On Eve of 'Gavin's Law' Debate, Supes Gallivant Around City, Security-Free
| Gavin Newsom -- all alone |
Mirkarimi has long chided the mayor for refusing to reveal his security costs -- as do other mayors. The cops won't budge, either. They say to give away dollars-and-cents figures compromises the mayor's safety (Mad Wild Terrorist No. 1: "He spends only $300,000 on security costs!" Mad Wild Terrorist No. 2: "He is a dead man. A dead man, I say!").
So, along with Supervisors David Campos, John Avalos, and Chris Daly, Mirkarimi has introduced what my colleague Benjamin Wachs has christened "Gavin's Law." And while the sight of Newsom perambulating around City Hall is something of a rarity -- and the notion of him wandering by himself nearly unthinkable -- a recent trip to City Hall resembled a petting zoo. But with supes substituting for goats and lambs.

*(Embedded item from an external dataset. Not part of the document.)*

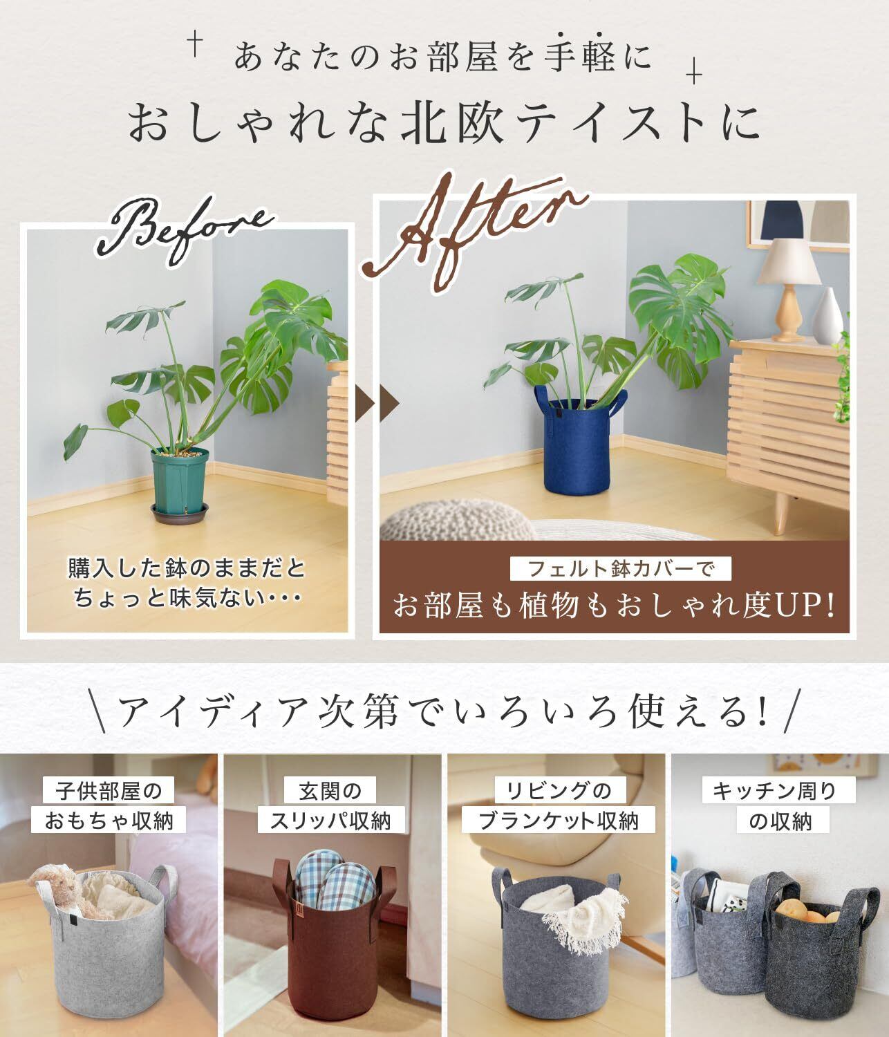 【アイデア次第でいろいろ使える】フェルト製の植木鉢カバーは、観葉植物をおしゃれに見せるだけでなく、実用性も兼ね備えています。子供部屋のおもちゃ収納や玄関のスリッパ入れ、リビングのブランケット収納、キッチン周りの小物収納や野菜や果物入れなど、アイデア次第で様々な用途に活躍します。

Who was that tall guy with the frizzy hair who glanced at his cell phone with a sour look as if some ballplayer's popped knee had just ruined his fantasy team? Why, it was Supervisor Sean Elsbernd tooling around on McAllister! That happy guy who held open the door for a colleague and skipped down the Van Ness side steps with so much elan you'd swear he was about to burst into a musical number? Board President David Chiu.
I realize that spotting city leaders at City Hall is akin to (my favorite analogy) pulling a rabbit out of a rabbit hutch. But, considering tomorrow's Rules Committee fare, this was a bit eerie. No news on how much Elsbernd's "Don't Talk To Me" scowl cost the body politic.